3.1 Design and production of recombinant allergen tetramers for CytoBas
Immunodominant allergen components of BV and RGP were selected for generation of recombinant allergen tetramers (Api m 1, Lol p 1 and Lol p 5).20-22,27,28 The full-length Api m 1 protein was produced with the native leader sequence, and C-terminal 6-His and BirA tags for purification and biotinylation (Figure 1A ). The construct contained a H67Q mutation to prevent catalytic activity without affecting IgE reactivity.34 Similarly, the Lol p 1 and Lol p 5 constructs were generated with the Api m 1 leader sequence to target these for secretion. Lol p 1 catalytic activity was abolished by a H104V mutation.35 Purified allergens were probed by Western blot using an anti-6-His antibody and detected at expected sizes with typical diversity in glycosylation density (Figure 1B ). Recombinant allergens were biotinylated and tetramerized with a streptavidin-APC conjugate to generate Api m 1, Lol p 1 and Lol p 5 tetramers.

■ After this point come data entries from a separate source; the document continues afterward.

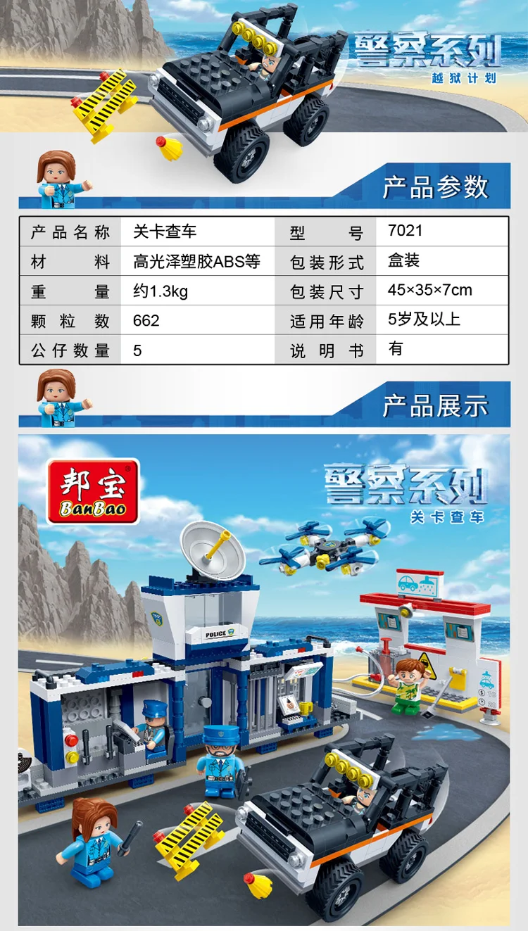 Баньбао полицейский участок контрольной точки Бла (беспилотный летательный аппарат автомойка кирпичи обучающие строительные блоки игрушечная модель 7021 детский свитер; подарок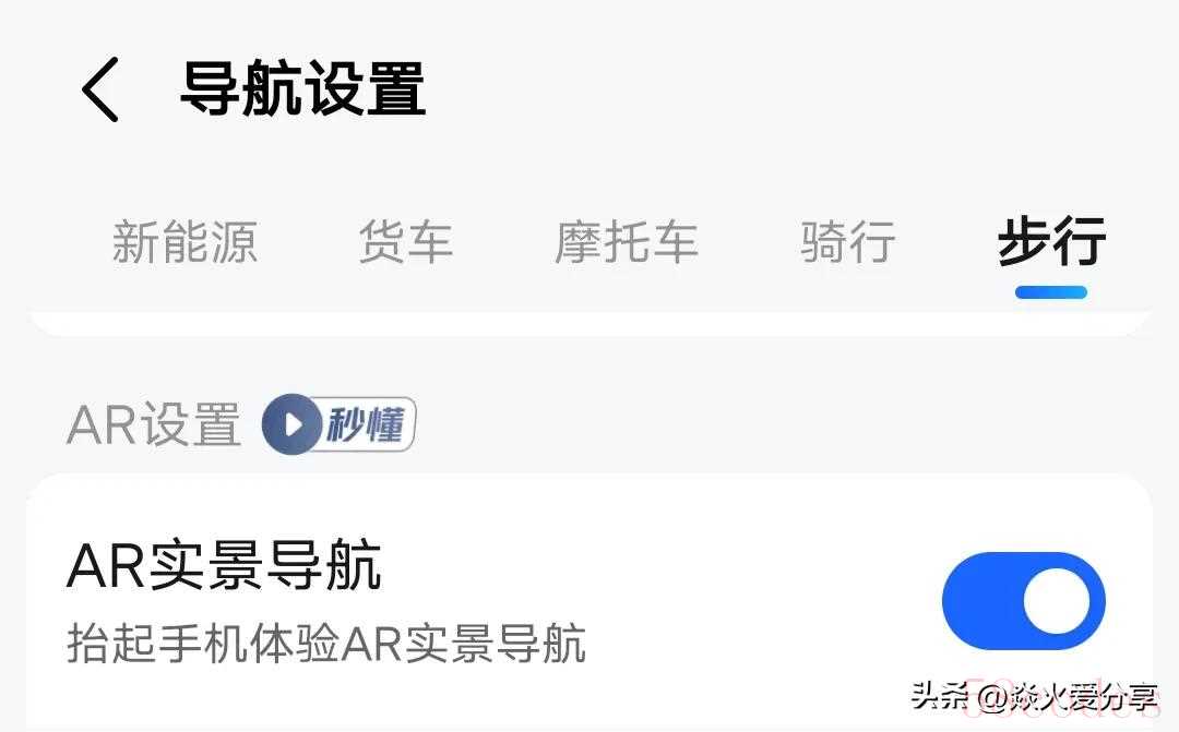 这个功能的打开方法,同样是找到地图的导航设置,把上方的按钮切换成步行,然后在下面找到AR实景导航,打开就可以了。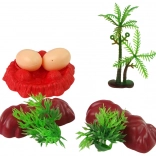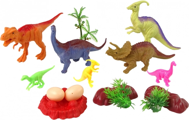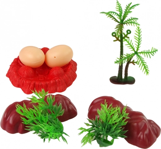 De asemenea, veți găsi trei dinozauri mici, care adaugă dinamism și varietate jocului. Accesorii precum două pietre, doi arbuști și două ouă oferă un fundal autentic pentru joc, iar baza inclusă conferă scenariului realism. Un copac completează setul și susține crearea poveștilor în mediul natural.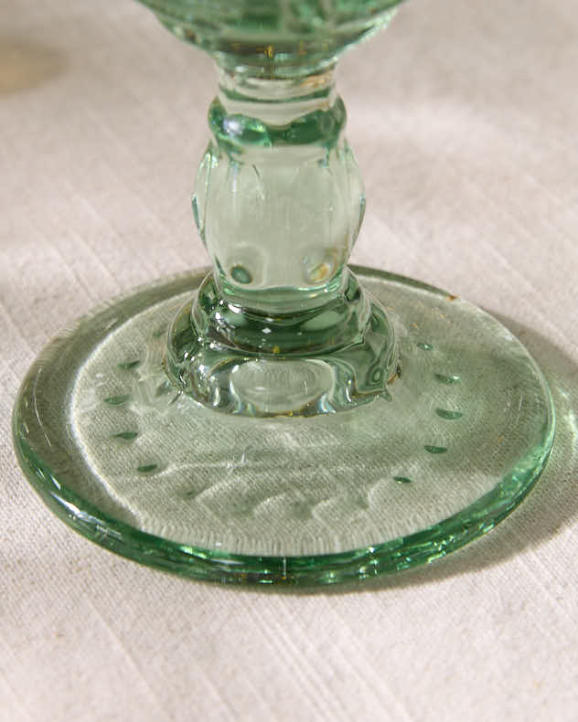 Each footed glass features a delicate pattern of leaves, and the colour will catch the light beautifully to stand significant among any tableware, or displayed in pride of place in a glassware cabinet perhaps.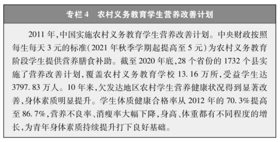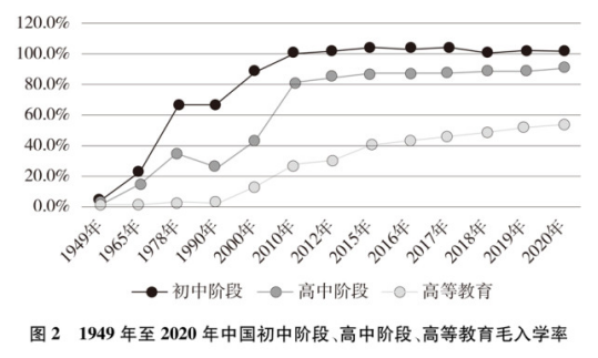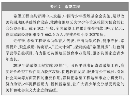 教育机会更加均等。中国教育事业优先发展不断深化,中国青年享有更加平等、更高质量的教育机会。2021年,中国义务教育巩固率达95.4%;高中阶段毛入学率达91.4%;高等教育毛入学率达57.8%、在学总规模达4430万人,居世界第一,越来越多的青年打开了通往成功成才大门的重要路径。覆盖学前教育至研究生教育的学生资助政策体系建成且日趋完善,2020年资助资金总额超过2400亿元、资助学生近1.5亿人次,实现“三个全覆盖”。义务教育阶段进城务工人员随迁子女、农村和贫困地区学生等群体受教育权益得到充分保障。2020年,85.8%的进城务工人员随迁子女在公办学校就读或享受政府购买学位服务;2012年至2021年,农村和贫困地区重点高校专项招生计划定向招生超过82万人,让更多的青年公平享有接受更好教育的机会,阻断贫困代际传递。
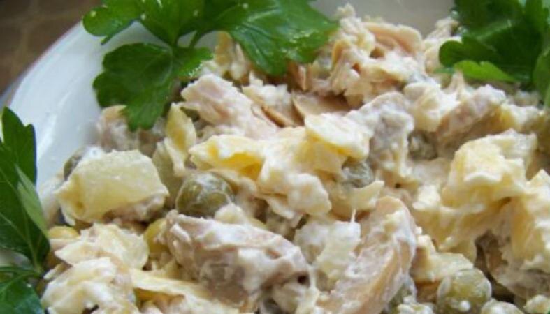 На выходных с мужем были на свадьбе моей двоюродной сестры в ресторане, в центре города. Было такое большое разнообразие вкусных и необычных блюд, как нибудь позже о них напишу. Сегодня хочу уделить внимание салату, который мне понравился больше всех. И это салат необычным названием «Пино-Колада». Салат был действительно вкусным, что подтолкнуло меня на мысль приготовить его самостоятельно. Но перед этим решила, в интернете, поинтересоваться стоимостью этого блюда. Я была удивленна, что стоимость такого салата колебалась от 850 рублей и выше за небольшую порцию. Нашла на одном из женских форумов рецепт салата и решила незамедлительно приготовить такой же на ужин. КБЖУ на 100 г блюда: Ккал - 92.2 Белки - 10.8 г; Жиры - 3.6 г; Углеводы - 5.4 г; Для заправки смешиваем сметану с горчицей и добавляем по вкусу чёрный перец. По желанию можно добавить немного сока лимона. Блюдо по подсчетам вышло калорийным, но таким вкусным, что совсем не хочется обращать внимания на эти калории. Да,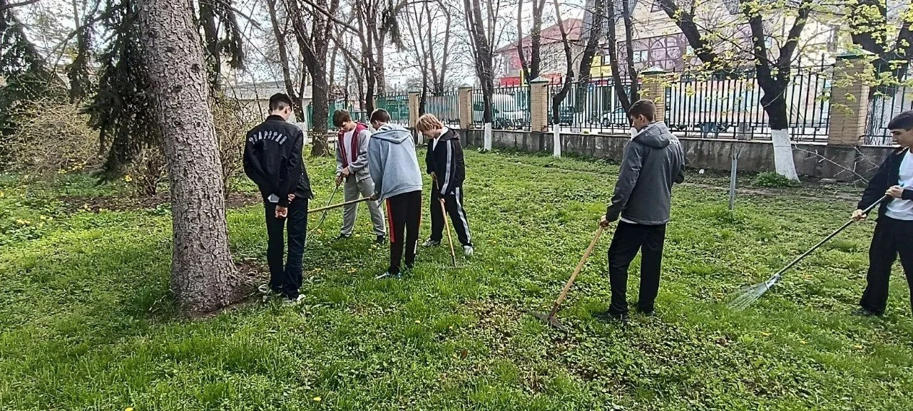 Ученики школы № 3 города Ессентуки приняли участие в трудовом десанте по очистке территории школы.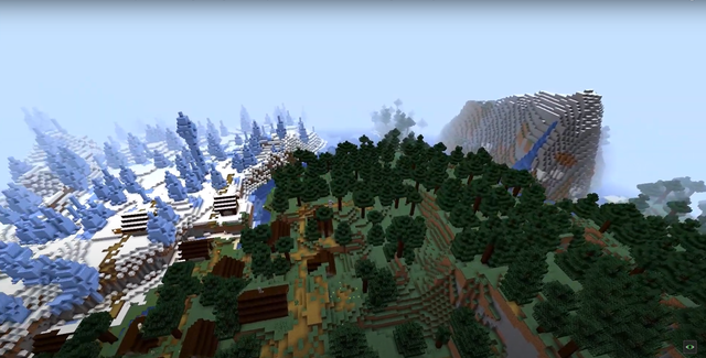 浮冰在“冰刺平原”上面会大量刷新,但是这样的地形却非常“罕见”,尤其是在1.16版本之后,60多种生物群系中寻找它更是难度加倍。而这个地图种子不仅开局有村庄,还在“冰刺平原”的边缘,再也不用愁找不到浮冰了。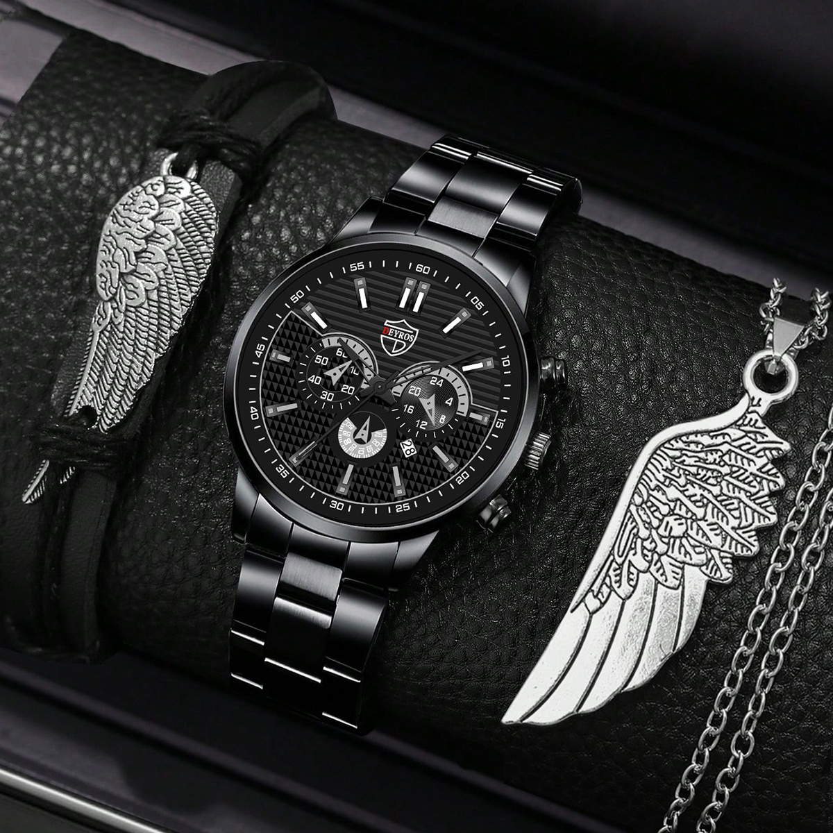 3pcs/set , 1pc Ponteiro Redondo Masculino Data Relógio De Quartzo & Pulseira De 1pc Colar , Escolha Ideal Para Presentes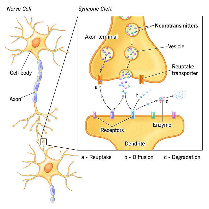 - Are reabsorbed and reused by the nerve cell that released it (a process called reuptake).
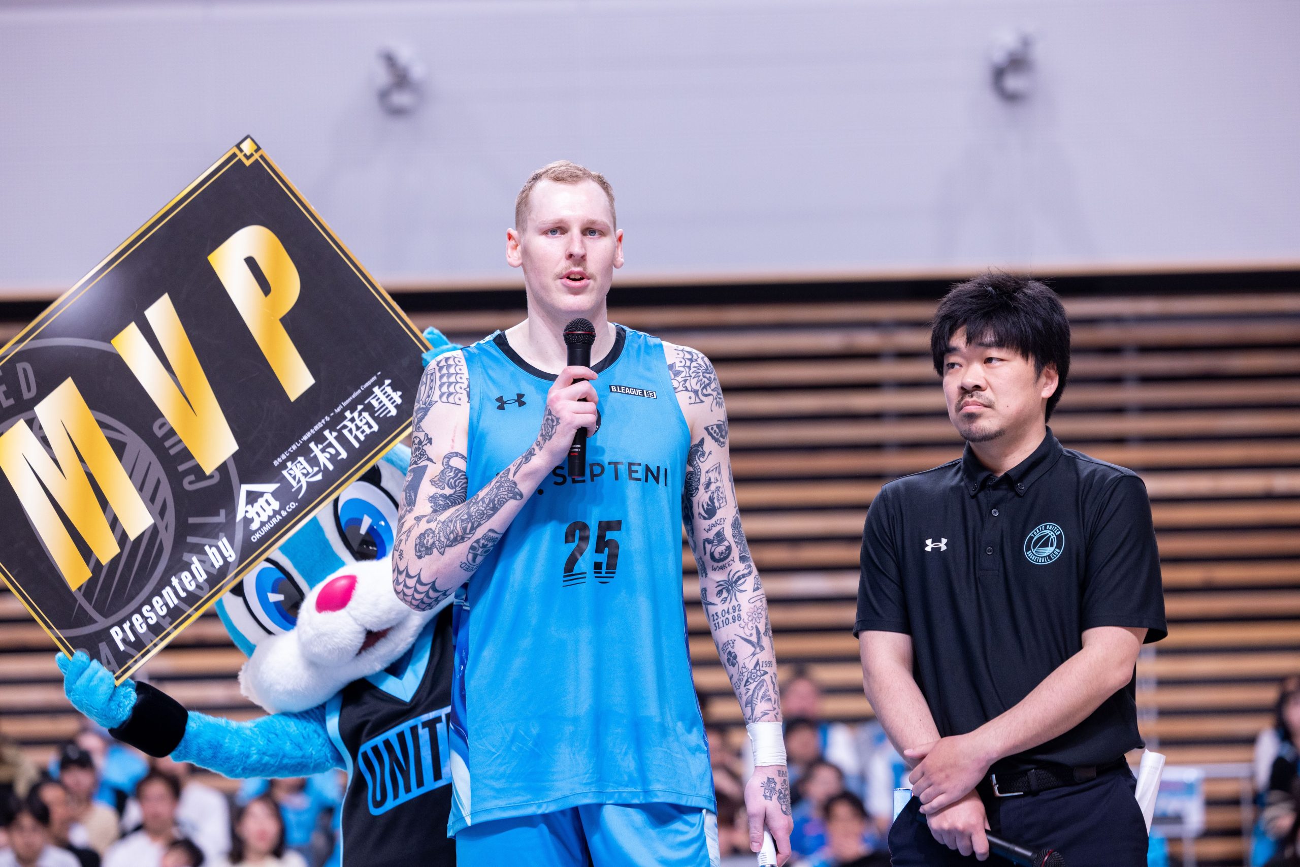 続いて、東京ZとのGAME2で、チーム最多となる17得点を挙げ、リバウンドも6の活躍で東京Uのリース・ヴァーグがMVPに選ばれた。「(今日は絶対に負けられない試合となりました。振り返っていかがだったでしょうか?)昨日は自分らしいバスケットボールができなかったが、今日は第1~3Qぐらいまで、自分たちのバスケットボールが出来ました。まずは、ファンのためにも一生懸命戦うことができたと思うので、非常に良かったと思います。(リース選手は、今季1度もケガすることなく、フル出場されているかなと思いますが)ファンの後押しが非常に明日重要になってくるので、必ず勝ちますので、会場に来て応援していただければと思います」と、ケガをせずに1シーズン活躍したリース・ヴァーグはあす行われるGAME3に向けて、意気込みとファンの声援をお願いするメッセージを送った。

The ability of allergen tetramers to detect specific IgE on basophils using flow cytometry was assessed using whole blood samples of allergic patients and controls. Following 15 min incubation with the relevant allergen tetramer and mAbs, binding of allergen to CD123+IgE+ basophils was examined (Figure 1C ). The Api m 1 tetramer ([Api m 1]4-APC) specifically stained basophils from a BV-allergic individual and not a control (Figure 1D ). Similarly, [Lol p 1]4-APC and [Lol p 5]4-APC each positively stained basophils from an RGP-allergic patient, and not a control. Thus, these recombinant allergen tetramers can be used to detect allergen sensitization by binding specific IgE on the surface of basophils using flow cytometry (CytoBas).